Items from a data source
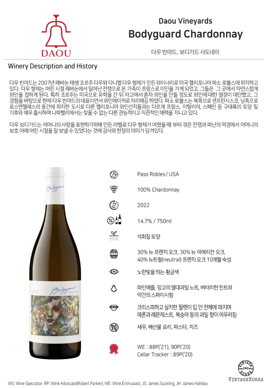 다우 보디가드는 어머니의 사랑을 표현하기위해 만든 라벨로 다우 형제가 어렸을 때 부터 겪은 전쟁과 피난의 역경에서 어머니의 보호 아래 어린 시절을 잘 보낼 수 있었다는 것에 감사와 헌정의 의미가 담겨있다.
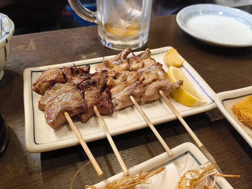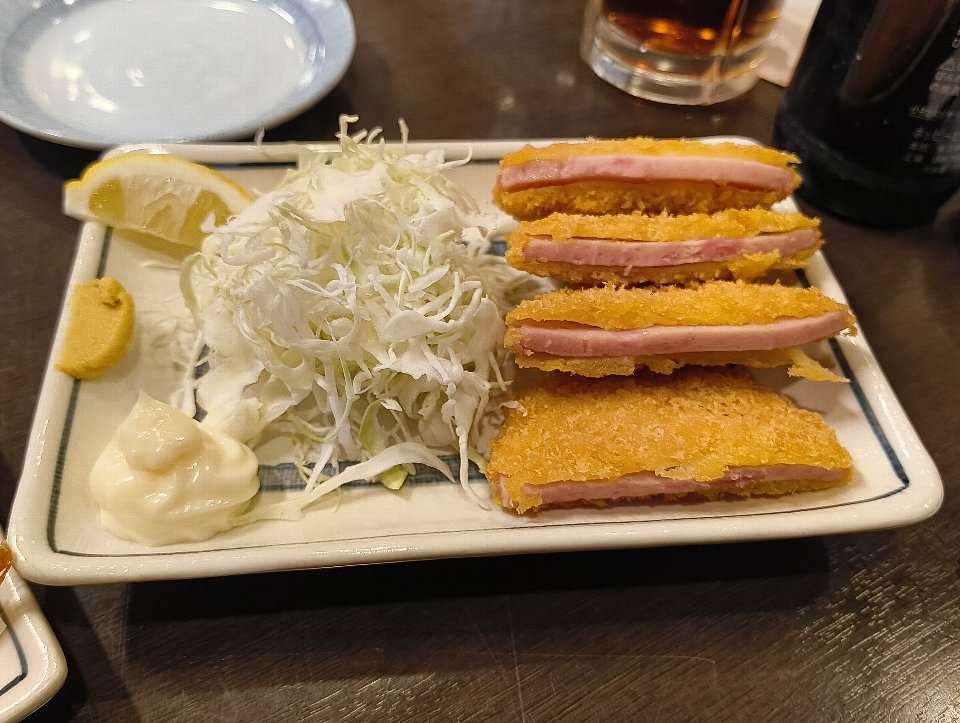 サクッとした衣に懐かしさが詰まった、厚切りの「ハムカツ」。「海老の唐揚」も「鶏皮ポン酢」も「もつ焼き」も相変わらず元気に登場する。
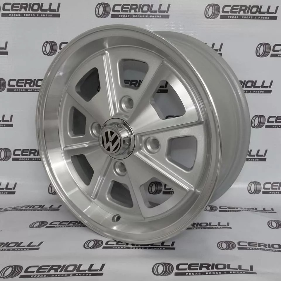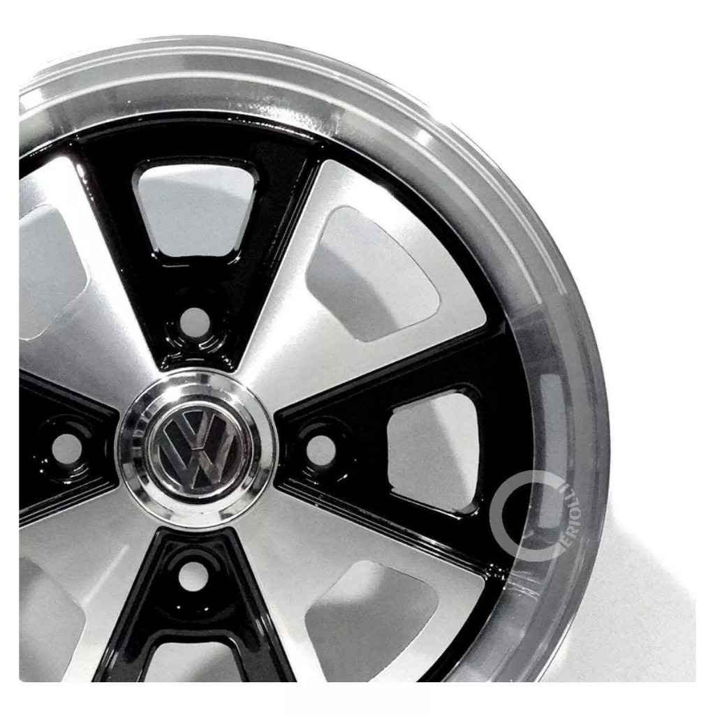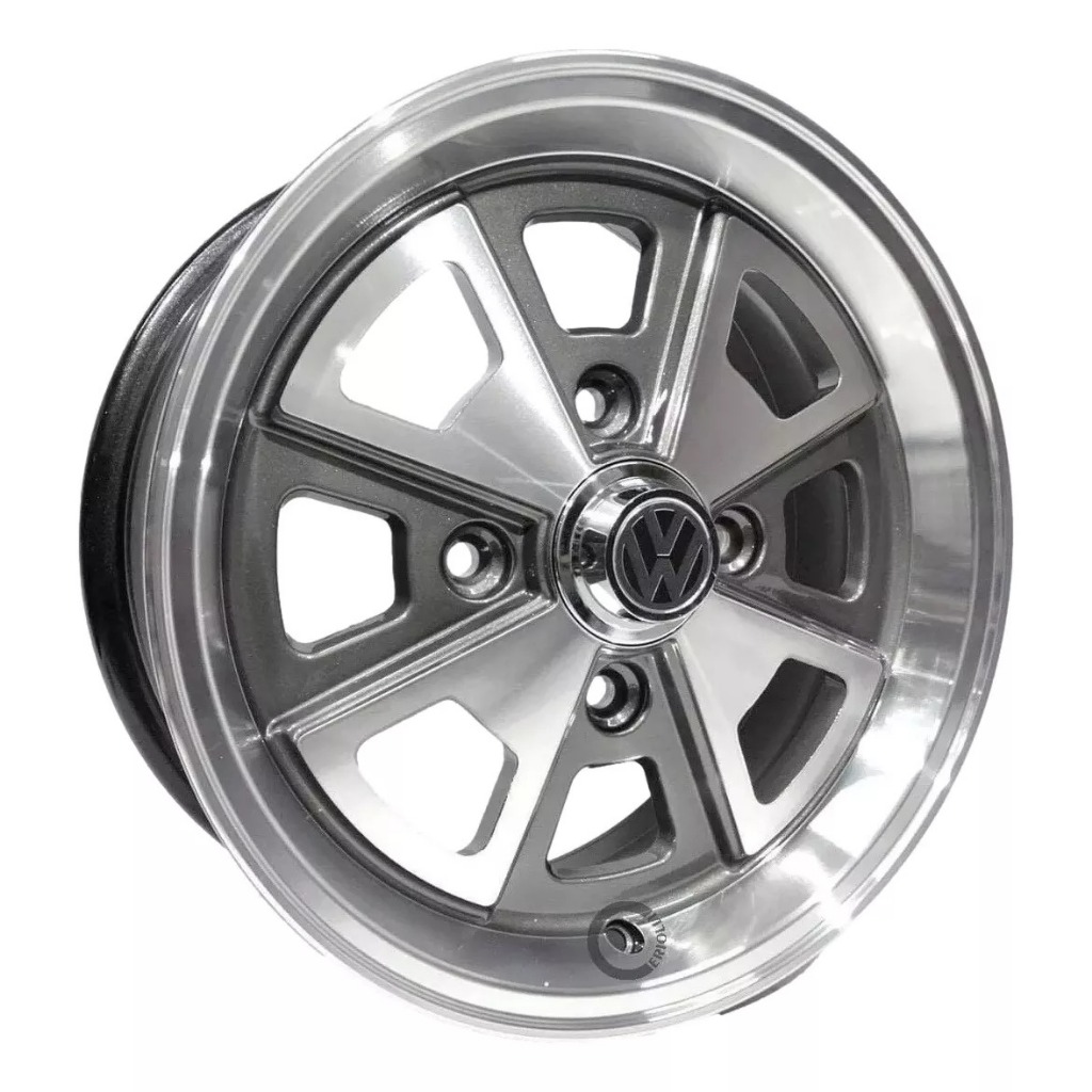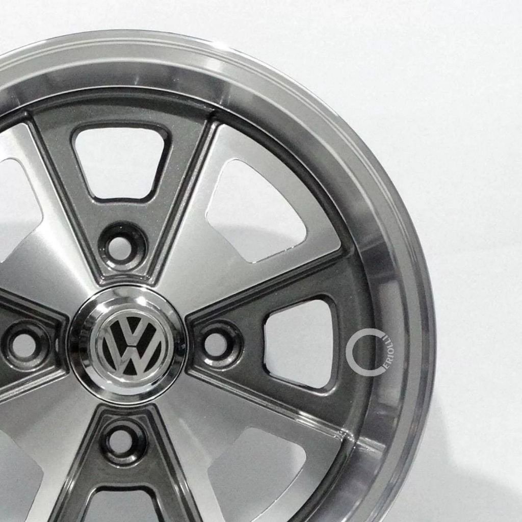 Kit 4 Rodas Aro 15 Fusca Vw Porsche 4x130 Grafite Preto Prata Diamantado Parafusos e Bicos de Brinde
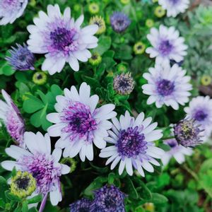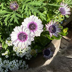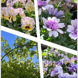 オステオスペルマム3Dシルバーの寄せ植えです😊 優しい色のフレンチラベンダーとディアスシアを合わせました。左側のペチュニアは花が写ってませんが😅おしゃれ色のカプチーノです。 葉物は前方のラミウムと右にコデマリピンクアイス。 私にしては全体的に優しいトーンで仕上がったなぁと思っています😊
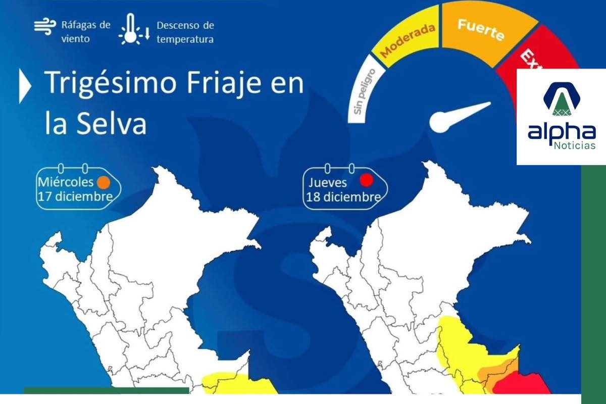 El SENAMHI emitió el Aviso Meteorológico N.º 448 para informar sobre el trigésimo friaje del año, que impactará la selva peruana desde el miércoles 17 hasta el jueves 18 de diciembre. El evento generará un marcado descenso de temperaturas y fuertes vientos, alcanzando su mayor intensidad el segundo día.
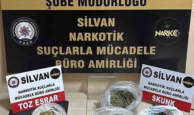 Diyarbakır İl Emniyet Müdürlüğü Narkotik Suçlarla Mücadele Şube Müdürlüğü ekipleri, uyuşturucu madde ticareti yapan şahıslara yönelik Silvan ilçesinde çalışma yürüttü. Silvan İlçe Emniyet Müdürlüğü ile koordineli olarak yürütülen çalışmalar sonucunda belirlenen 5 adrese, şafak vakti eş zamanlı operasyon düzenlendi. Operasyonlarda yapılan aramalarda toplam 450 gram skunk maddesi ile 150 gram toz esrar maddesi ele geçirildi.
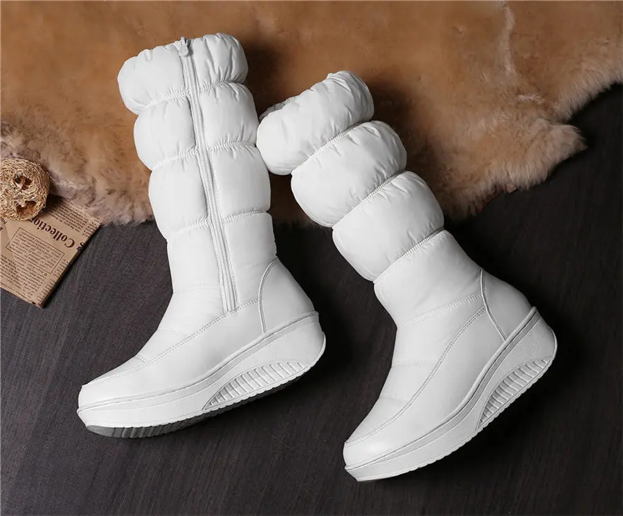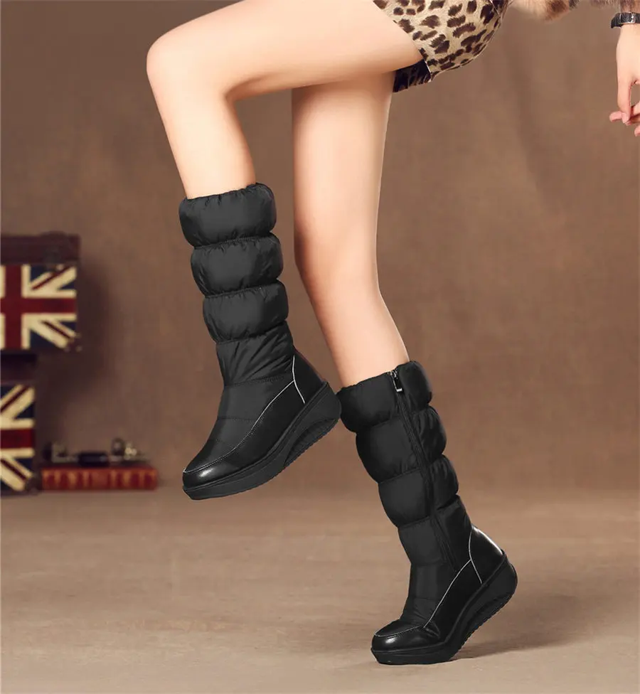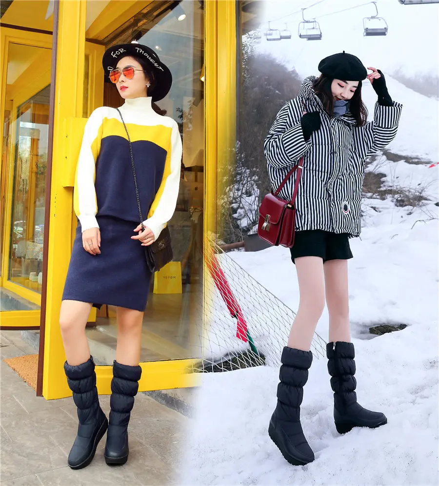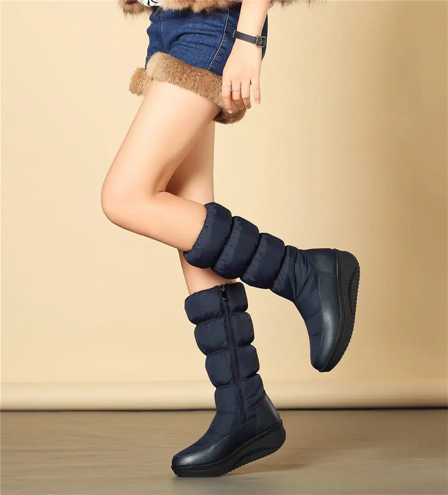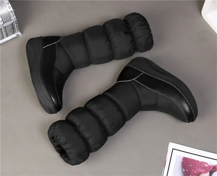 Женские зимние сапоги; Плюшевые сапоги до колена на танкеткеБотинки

▶ WHAT NEEDS TO BE DONE
Working from the data above, repeat exactly, and only, the lines that begin at the line containing "サクッとした衣に懐かしさが詰" and stop after the line containing "Kit 4 Rodas"; pictures are not copied.

▶ ANSWER BOX
 サクッとした衣に懐かしさが詰まった、厚切りの「ハムカツ」。「海老の唐揚」も「鶏皮ポン酢」も「もつ焼き」も相変わらず元気に登場する。
 Kit 4 Rodas Aro 15 Fusca Vw Porsche 4x130 Grafite Preto Prata Diamantado Parafusos e Bicos de Brinde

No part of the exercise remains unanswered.